WHAT IS REQUIRED:
What is needed is an exact reproduction of the lines in the records below, starting at the line with "2024年1月,客車(chē" and ending at the line with "Ce fourneau à 6", both included, and nothing else; pictures stay out.

DATASET:
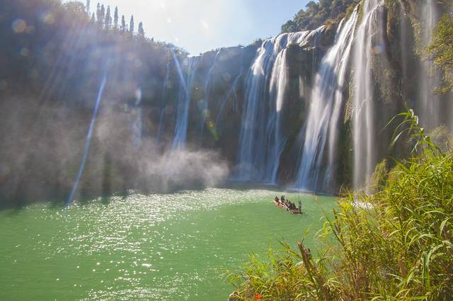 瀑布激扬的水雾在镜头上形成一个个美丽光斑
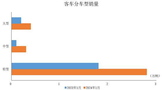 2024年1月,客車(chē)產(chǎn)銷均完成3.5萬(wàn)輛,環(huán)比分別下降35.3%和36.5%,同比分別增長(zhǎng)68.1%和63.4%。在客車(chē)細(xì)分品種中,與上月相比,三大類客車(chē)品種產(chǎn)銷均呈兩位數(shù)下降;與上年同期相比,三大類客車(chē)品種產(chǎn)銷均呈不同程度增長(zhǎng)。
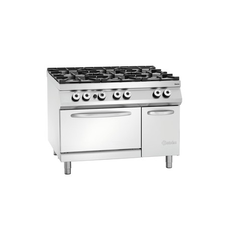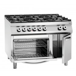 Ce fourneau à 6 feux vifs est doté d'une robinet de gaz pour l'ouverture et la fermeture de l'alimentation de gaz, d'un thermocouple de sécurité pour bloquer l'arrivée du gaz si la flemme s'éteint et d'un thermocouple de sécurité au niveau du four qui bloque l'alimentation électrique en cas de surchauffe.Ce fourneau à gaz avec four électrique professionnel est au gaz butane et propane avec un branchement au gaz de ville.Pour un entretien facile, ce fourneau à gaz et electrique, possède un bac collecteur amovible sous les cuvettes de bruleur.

* * *

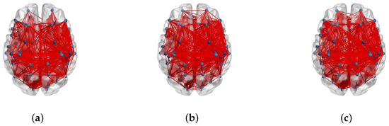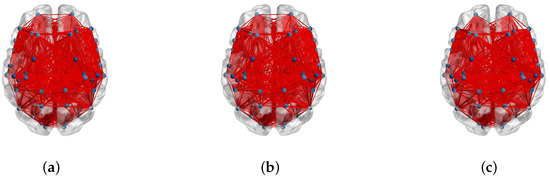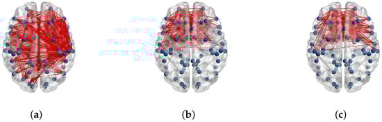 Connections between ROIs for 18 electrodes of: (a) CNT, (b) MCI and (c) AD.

* * *

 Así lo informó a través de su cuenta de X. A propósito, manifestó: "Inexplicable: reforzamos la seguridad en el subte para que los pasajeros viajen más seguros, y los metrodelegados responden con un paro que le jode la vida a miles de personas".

REPLY:
 2024年1月,客車(chē)產(chǎn)銷均完成3.5萬(wàn)輛,環(huán)比分別下降35.3%和36.5%,同比分別增長(zhǎng)68.1%和63.4%。在客車(chē)細(xì)分品種中,與上月相比,三大類客車(chē)品種產(chǎn)銷均呈兩位數(shù)下降;與上年同期相比,三大類客車(chē)品種產(chǎn)銷均呈不同程度增長(zhǎng)。
 Ce fourneau à 6 feux vifs est doté d'une robinet de gaz pour l'ouverture et la fermeture de l'alimentation de gaz, d'un thermocouple de sécurité pour bloquer l'arrivée du gaz si la flemme s'éteint et d'un thermocouple de sécurité au niveau du four qui bloque l'alimentation électrique en cas de surchauffe.Ce fourneau à gaz avec four électrique professionnel est au gaz butane et propane avec un branchement au gaz de ville.Pour un entretien facile, ce fourneau à gaz et electrique, possède un bac collecteur amovible sous les cuvettes de bruleur.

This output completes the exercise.